The weights arise from the conditional variance of treatment after residualizing covariates (Appendix Section 15).
3. Where do the weights come from?
For binary treatments:
\[ \mathrm{Var}(D_t \mid X=x) = e_t(x)(1-e_t(x)) \]
where \(e_t(x)\) is the propensity score.
This conditional variance appears naturally in the regression derivation (Appendix Section 15).
It is largest when treatment probability is near 0.5 and near zero when treatment is rare or deterministic.
PLR learns the treatment effect where regression has leverage.
4. Why this is fine with one treatment
With a single treatment, there is only one overlap pattern. PLR estimates an overlap-weighted ATE, which may be acceptable depending on the research question.

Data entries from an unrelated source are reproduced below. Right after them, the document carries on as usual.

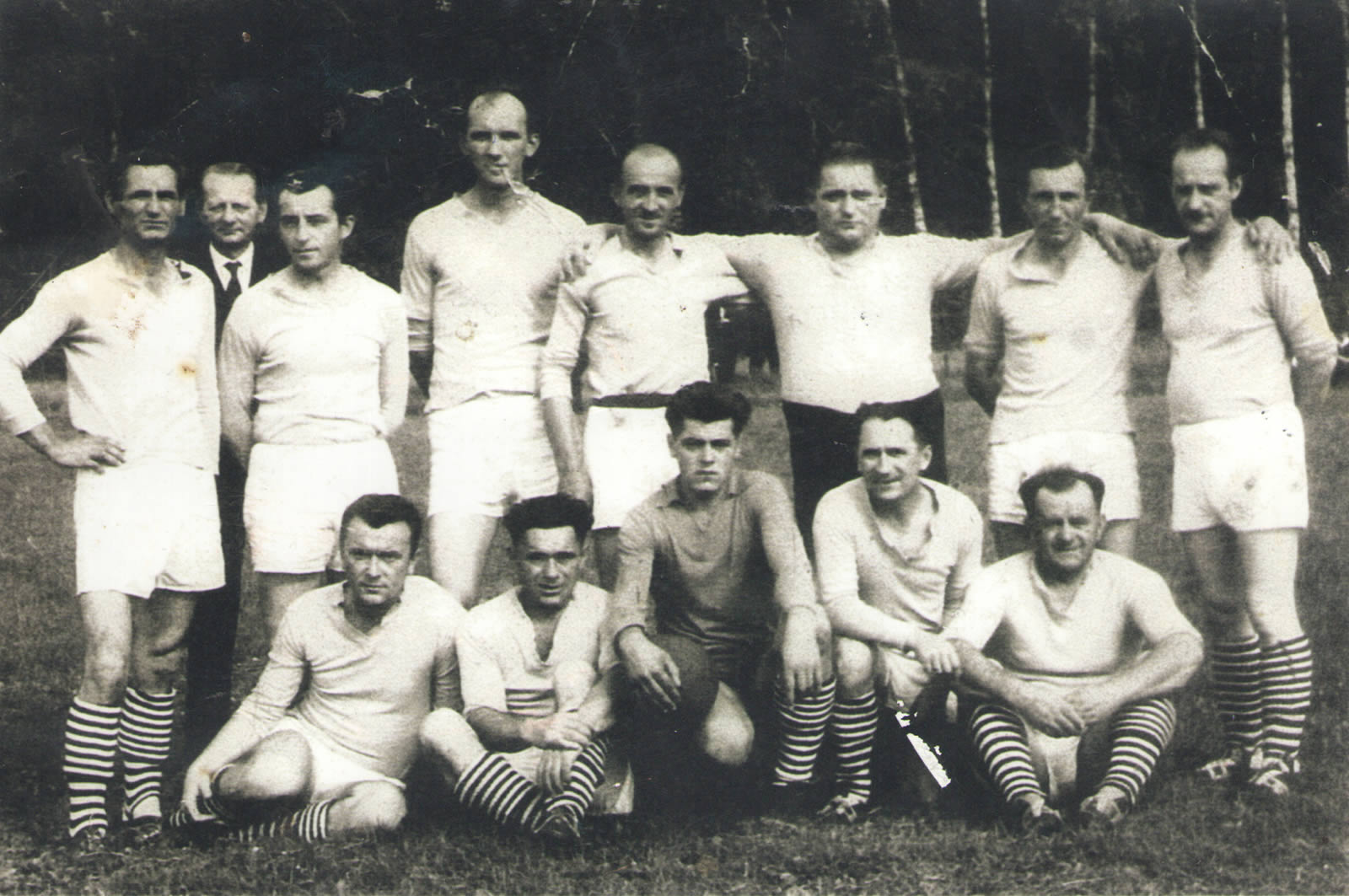 oldboje Proszowianki zdjęcie zrobione ok. 1960 roku; stoją od lewej: Zdzisław Zastawny "Poldek", Bolesław Wcisło, Zdzisław Winnicki, Wojciech Jelonkiewicz, Kazimierz Stopiński, Henryk Moliszewski, Tadeusz Sadowski, Dziura Marian; w dolnym rzędzie od lewej: Wincenty Jelonkiewicz, Feliks Skalski, Mieczysław Skrzyński, Jan Żywot, Andrzej Monsiorski, Bolesław Wcisło (fot. zbiory autora)
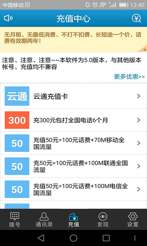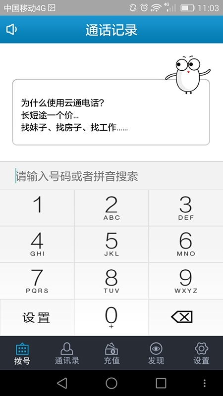 云通电话5.0版本,话费流量一卡双充,自由显隐号,直拨回拨任选,国内通话一个价,不分长短途,对方无需安装客户端,新用户注册有30分钟试用时长,快来体验一下清晰稳定的通话过程吧!
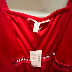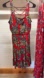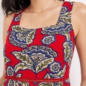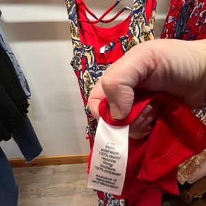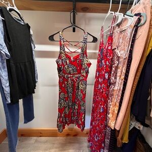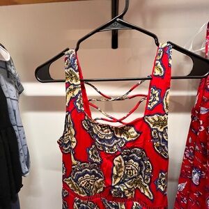 Sleeveless mini dress with bold floral print. Features crisscross straps at the back. Flowy skirt for easy movement. Vibrant, eye-catching pattern.
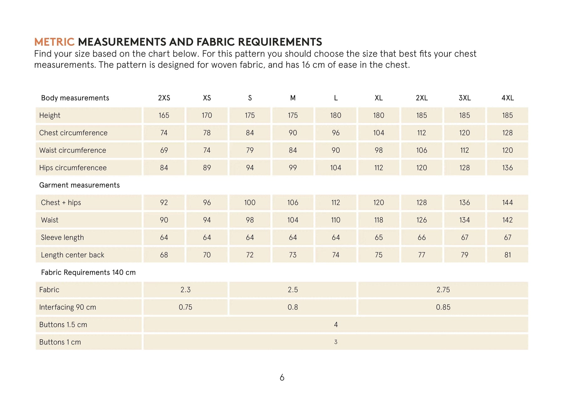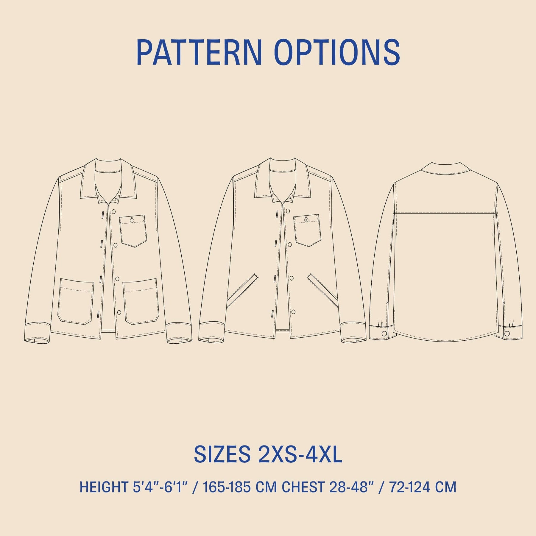 The Overshirt sewing pattern is a loose-fitting, long-sleeved shirt jacket with cuffed sleeves and patch pockets. It combines the qualities of a classic shirt with the practicality of a lightweight jacket. The pattern is inspired by the chore jacket. You can sew this pattern with a multitude of woven fabrics.

5. Why this breaks with multiple treatments
With multiple treatments, each treatment has its own overlap weights:
\[ \mathrm{Var}(D_t \mid X) \]
Thus:
- PLR(\(D_1\)) reflects effects where \(D_1\) overlaps
- PLR(\(D_2\)) reflects effects where \(D_2\) overlaps
These are different subpopulations.
The coefficient of \(D_1\) in PLR is not the ATE of treatment 1. It is the average effect in the subpopulation where treatment 1 has overlap.
6. A simple illustration
| X | P(D₁=1|X) | P(D₂=1|X) | τ₁(X) | τ₂(X) |
|---|---|---|---|---|
| 0 | 0.01 | 0.50 | −3 | −2 |
| 1 | 0.50 | 0.01 | +3 | +3 |
True ATEs average both X values equally.
PLR: - gives high weight to \(X=1\) for \(D_1\) - gives high weight to \(X=0\) for \(D_2\)

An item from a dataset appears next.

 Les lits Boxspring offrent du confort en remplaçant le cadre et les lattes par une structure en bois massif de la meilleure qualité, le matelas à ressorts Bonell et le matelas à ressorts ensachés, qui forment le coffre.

So the coefficients summarize different slices of the population, and the ranking can reverse.
7. Why IRM succeeds
IRM directly estimates:
\[ \text{ATE}_t = \mathbb{E}[Y(t) - Y(0)] \]

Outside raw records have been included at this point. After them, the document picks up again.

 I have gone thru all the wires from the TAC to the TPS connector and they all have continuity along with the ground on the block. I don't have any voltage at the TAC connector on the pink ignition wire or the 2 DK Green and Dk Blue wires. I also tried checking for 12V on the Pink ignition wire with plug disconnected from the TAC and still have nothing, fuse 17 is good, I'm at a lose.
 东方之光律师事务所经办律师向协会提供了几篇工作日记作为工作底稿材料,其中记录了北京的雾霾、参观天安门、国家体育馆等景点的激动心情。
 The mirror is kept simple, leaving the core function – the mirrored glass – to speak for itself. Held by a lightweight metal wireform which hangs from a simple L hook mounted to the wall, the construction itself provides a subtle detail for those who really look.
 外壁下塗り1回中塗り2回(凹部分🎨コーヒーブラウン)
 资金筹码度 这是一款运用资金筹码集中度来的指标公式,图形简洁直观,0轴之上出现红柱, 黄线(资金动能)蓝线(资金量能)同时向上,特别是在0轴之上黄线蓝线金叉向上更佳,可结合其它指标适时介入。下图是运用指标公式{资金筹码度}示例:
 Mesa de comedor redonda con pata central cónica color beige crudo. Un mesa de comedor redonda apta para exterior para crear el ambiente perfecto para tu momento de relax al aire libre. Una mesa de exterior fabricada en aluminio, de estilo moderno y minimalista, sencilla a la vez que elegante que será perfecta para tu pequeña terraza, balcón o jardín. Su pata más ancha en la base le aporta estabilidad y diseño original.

for each treatment using the same population distribution of \(X\).
Overlap affects variance, not which population is averaged over.
IRM keeps the estimand fixed. PLR lets overlap redefine the estimand.

8. RCT vs Observational Studies: Why PLR Sometimes Works
| Setting | Effects heterogeneous? | Does PLR recover ATE? | Why |
|---|---|---|---|
| Randomized experiment | Yes | ✅ Yes | Treatment probability constant across X |
| Observational, binary treatment | Yes | ❌ Not generally | Overlap varies across X |
| Observational, multiple treatments | Yes | ❌❌ Worse | Each treatment has different overlap weights |
In RCTs, the variance term becomes constant and cancels out (Appendix Section 15).
9. Practical takeaway
PLR is reasonable with one treatment and near-homogeneous effects.
With multiple discrete treatments, estimate ATEs separately.
Default rule: Use IRM when treatments are multiple.
10. The real lesson
Regression does not just estimate effects — it determines where in the data those effects are learned.
With heterogeneous effects, overlap becomes the weight.
With multiple treatments, the weights differ.
And once the weights differ, comparison breaks.
Appendix: Why PLR Estimates an Overlap-Weighted Average of CATEs
Setup
Assume unconfoundedness and heterogeneous treatment effects. Observed outcome:
\[ Y = Y(0) + D \cdot \tau(X) \]
PLR:
\[ Y = \theta D + g(X) + \varepsilon \]
Partialling Out
By Frisch–Waugh–Lovell:
\[ \theta = \frac{\mathbb{E}[\tilde{D}\tilde{Y}]}{\mathbb{E}[\tilde{D}^2]} \]
Residualizing
\[ \tilde{Y} = \tau(X)(D - e(X)) + \eta \]
Numerator
\[ \mathbb{E}[\tilde{D}\tilde{Y}] = \mathbb{E}[\tau(X)\,\mathrm{Var}(D \mid X)] \]
Denominator
\[ \mathbb{E}[\tilde{D}^2] = \mathbb{E}[\mathrm{Var}(D \mid X)] \]
Final
\[ \theta^{PLR} = \frac{\mathbb{E}[\tau(X)\,\mathrm{Var}(D \mid X)]} {\mathbb{E}[\mathrm{Var}(D \mid X)]} \]
For binary treatments:
\[ \mathrm{Var}(D \mid X=x) = e(x)(1-e(x)) \]
PLR therefore estimates a variance-weighted average of CATEs, emphasizing regions with overlap.